__Your objective__: Would you output the whole of the data exactly?

(Dataset entries)
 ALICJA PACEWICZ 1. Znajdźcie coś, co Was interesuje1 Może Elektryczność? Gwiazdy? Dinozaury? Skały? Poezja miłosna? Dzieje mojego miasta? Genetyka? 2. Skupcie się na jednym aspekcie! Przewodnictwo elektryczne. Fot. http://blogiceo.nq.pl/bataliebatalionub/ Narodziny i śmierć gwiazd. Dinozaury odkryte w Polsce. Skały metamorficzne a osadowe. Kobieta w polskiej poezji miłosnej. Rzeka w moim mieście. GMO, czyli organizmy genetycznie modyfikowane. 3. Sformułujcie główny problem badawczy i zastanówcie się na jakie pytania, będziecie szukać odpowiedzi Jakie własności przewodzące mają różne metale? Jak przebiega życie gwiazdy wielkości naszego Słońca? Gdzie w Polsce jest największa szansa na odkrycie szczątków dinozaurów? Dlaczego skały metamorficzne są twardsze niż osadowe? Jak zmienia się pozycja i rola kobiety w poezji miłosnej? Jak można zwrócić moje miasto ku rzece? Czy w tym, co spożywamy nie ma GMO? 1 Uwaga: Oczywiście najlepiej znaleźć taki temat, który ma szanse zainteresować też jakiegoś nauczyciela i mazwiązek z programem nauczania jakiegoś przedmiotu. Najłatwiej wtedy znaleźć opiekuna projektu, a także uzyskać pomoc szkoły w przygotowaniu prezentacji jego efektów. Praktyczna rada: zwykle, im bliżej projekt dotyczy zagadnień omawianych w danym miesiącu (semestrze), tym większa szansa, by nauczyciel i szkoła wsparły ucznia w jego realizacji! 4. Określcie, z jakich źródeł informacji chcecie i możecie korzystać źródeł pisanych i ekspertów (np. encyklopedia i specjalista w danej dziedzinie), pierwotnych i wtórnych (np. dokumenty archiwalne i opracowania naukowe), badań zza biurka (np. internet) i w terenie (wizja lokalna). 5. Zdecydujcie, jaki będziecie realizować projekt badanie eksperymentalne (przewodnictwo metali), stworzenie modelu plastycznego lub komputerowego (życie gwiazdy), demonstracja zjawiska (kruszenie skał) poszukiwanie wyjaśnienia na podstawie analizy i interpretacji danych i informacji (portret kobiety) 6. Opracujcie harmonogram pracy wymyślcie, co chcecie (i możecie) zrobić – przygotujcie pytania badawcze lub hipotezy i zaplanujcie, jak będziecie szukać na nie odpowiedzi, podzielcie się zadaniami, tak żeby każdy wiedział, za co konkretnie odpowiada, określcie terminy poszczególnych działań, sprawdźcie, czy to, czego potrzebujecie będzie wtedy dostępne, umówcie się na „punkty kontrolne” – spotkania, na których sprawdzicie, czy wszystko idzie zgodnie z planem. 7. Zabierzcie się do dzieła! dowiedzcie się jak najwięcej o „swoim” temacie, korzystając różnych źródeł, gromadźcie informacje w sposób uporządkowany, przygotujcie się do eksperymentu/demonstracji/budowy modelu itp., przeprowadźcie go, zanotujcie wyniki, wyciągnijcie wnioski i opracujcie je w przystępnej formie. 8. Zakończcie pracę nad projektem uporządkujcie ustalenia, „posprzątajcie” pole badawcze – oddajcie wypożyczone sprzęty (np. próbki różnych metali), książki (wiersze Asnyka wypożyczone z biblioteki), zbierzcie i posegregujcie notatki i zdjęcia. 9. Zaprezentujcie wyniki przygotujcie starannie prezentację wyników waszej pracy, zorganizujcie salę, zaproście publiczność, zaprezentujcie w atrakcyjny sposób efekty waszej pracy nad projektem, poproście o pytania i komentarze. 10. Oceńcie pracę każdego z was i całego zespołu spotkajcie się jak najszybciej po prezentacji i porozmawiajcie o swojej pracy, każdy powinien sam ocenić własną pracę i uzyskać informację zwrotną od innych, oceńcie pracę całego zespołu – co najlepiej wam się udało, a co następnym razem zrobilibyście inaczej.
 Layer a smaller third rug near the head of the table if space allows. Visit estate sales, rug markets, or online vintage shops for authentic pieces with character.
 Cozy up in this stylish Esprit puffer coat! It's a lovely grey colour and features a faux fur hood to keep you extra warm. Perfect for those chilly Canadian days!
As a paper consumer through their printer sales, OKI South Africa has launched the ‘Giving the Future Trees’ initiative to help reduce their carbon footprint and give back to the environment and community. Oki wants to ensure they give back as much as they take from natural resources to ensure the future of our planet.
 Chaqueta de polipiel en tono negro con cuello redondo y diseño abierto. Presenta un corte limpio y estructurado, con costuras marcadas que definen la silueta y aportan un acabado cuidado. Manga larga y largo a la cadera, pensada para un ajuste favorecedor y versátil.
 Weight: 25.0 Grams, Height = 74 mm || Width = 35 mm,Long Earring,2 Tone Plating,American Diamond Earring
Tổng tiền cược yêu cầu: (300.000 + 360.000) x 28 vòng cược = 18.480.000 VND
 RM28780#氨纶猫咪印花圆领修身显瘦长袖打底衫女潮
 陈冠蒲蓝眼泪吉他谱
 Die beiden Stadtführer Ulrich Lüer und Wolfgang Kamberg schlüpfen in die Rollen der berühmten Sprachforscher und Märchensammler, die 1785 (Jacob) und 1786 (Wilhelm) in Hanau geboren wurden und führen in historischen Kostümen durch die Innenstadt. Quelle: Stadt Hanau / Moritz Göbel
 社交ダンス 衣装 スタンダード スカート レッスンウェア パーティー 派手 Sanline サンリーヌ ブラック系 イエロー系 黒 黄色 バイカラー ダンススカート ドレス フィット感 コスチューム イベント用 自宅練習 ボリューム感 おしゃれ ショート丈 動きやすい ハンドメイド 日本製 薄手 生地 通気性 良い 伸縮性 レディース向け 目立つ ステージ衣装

__Expected answer__:
 ALICJA PACEWICZ 1. Znajdźcie coś, co Was interesuje1 Może Elektryczność? Gwiazdy? Dinozaury? Skały? Poezja miłosna? Dzieje mojego miasta? Genetyka? 2. Skupcie się na jednym aspekcie! Przewodnictwo elektryczne. Fot. http://blogiceo.nq.pl/bataliebatalionub/ Narodziny i śmierć gwiazd. Dinozaury odkryte w Polsce. Skały metamorficzne a osadowe. Kobieta w polskiej poezji miłosnej. Rzeka w moim mieście. GMO, czyli organizmy genetycznie modyfikowane. 3. Sformułujcie główny problem badawczy i zastanówcie się na jakie pytania, będziecie szukać odpowiedzi Jakie własności przewodzące mają różne metale? Jak przebiega życie gwiazdy wielkości naszego Słońca? Gdzie w Polsce jest największa szansa na odkrycie szczątków dinozaurów? Dlaczego skały metamorficzne są twardsze niż osadowe? Jak zmienia się pozycja i rola kobiety w poezji miłosnej? Jak można zwrócić moje miasto ku rzece? Czy w tym, co spożywamy nie ma GMO? 1 Uwaga: Oczywiście najlepiej znaleźć taki temat, który ma szanse zainteresować też jakiegoś nauczyciela i mazwiązek z programem nauczania jakiegoś przedmiotu. Najłatwiej wtedy znaleźć opiekuna projektu, a także uzyskać pomoc szkoły w przygotowaniu prezentacji jego efektów. Praktyczna rada: zwykle, im bliżej projekt dotyczy zagadnień omawianych w danym miesiącu (semestrze), tym większa szansa, by nauczyciel i szkoła wsparły ucznia w jego realizacji! 4. Określcie, z jakich źródeł informacji chcecie i możecie korzystać źródeł pisanych i ekspertów (np. encyklopedia i specjalista w danej dziedzinie), pierwotnych i wtórnych (np. dokumenty archiwalne i opracowania naukowe), badań zza biurka (np. internet) i w terenie (wizja lokalna). 5. Zdecydujcie, jaki będziecie realizować projekt badanie eksperymentalne (przewodnictwo metali), stworzenie modelu plastycznego lub komputerowego (życie gwiazdy), demonstracja zjawiska (kruszenie skał) poszukiwanie wyjaśnienia na podstawie analizy i interpretacji danych i informacji (portret kobiety) 6. Opracujcie harmonogram pracy wymyślcie, co chcecie (i możecie) zrobić – przygotujcie pytania badawcze lub hipotezy i zaplanujcie, jak będziecie szukać na nie odpowiedzi, podzielcie się zadaniami, tak żeby każdy wiedział, za co konkretnie odpowiada, określcie terminy poszczególnych działań, sprawdźcie, czy to, czego potrzebujecie będzie wtedy dostępne, umówcie się na „punkty kontrolne” – spotkania, na których sprawdzicie, czy wszystko idzie zgodnie z planem. 7. Zabierzcie się do dzieła! dowiedzcie się jak najwięcej o „swoim” temacie, korzystając różnych źródeł, gromadźcie informacje w sposób uporządkowany, przygotujcie się do eksperymentu/demonstracji/budowy modelu itp., przeprowadźcie go, zanotujcie wyniki, wyciągnijcie wnioski i opracujcie je w przystępnej formie. 8. Zakończcie pracę nad projektem uporządkujcie ustalenia, „posprzątajcie” pole badawcze – oddajcie wypożyczone sprzęty (np. próbki różnych metali), książki (wiersze Asnyka wypożyczone z biblioteki), zbierzcie i posegregujcie notatki i zdjęcia. 9. Zaprezentujcie wyniki przygotujcie starannie prezentację wyników waszej pracy, zorganizujcie salę, zaproście publiczność, zaprezentujcie w atrakcyjny sposób efekty waszej pracy nad projektem, poproście o pytania i komentarze. 10. Oceńcie pracę każdego z was i całego zespołu spotkajcie się jak najszybciej po prezentacji i porozmawiajcie o swojej pracy, każdy powinien sam ocenić własną pracę i uzyskać informację zwrotną od innych, oceńcie pracę całego zespołu – co najlepiej wam się udało, a co następnym razem zrobilibyście inaczej.
 Layer a smaller third rug near the head of the table if space allows. Visit estate sales, rug markets, or online vintage shops for authentic pieces with character.
 Cozy up in this stylish Esprit puffer coat! It's a lovely grey colour and features a faux fur hood to keep you extra warm. Perfect for those chilly Canadian days!
As a paper consumer through their printer sales, OKI South Africa has launched the ‘Giving the Future Trees’ initiative to help reduce their carbon footprint and give back to the environment and community. Oki wants to ensure they give back as much as they take from natural resources to ensure the future of our planet.
 Chaqueta de polipiel en tono negro con cuello redondo y diseño abierto. Presenta un corte limpio y estructurado, con costuras marcadas que definen la silueta y aportan un acabado cuidado. Manga larga y largo a la cadera, pensada para un ajuste favorecedor y versátil.
 Weight: 25.0 Grams, Height = 74 mm || Width = 35 mm,Long Earring,2 Tone Plating,American Diamond Earring
Tổng tiền cược yêu cầu: (300.000 + 360.000) x 28 vòng cược = 18.480.000 VND
 RM28780#氨纶猫咪印花圆领修身显瘦长袖打底衫女潮
 陈冠蒲蓝眼泪吉他谱
 Die beiden Stadtführer Ulrich Lüer und Wolfgang Kamberg schlüpfen in die Rollen der berühmten Sprachforscher und Märchensammler, die 1785 (Jacob) und 1786 (Wilhelm) in Hanau geboren wurden und führen in historischen Kostümen durch die Innenstadt. Quelle: Stadt Hanau / Moritz Göbel
 社交ダンス 衣装 スタンダード スカート レッスンウェア パーティー 派手 Sanline サンリーヌ ブラック系 イエロー系 黒 黄色 バイカラー ダンススカート ドレス フィット感 コスチューム イベント用 自宅練習 ボリューム感 おしゃれ ショート丈 動きやすい ハンドメイド 日本製 薄手 生地 通気性 良い 伸縮性 レディース向け 目立つ ステージ衣装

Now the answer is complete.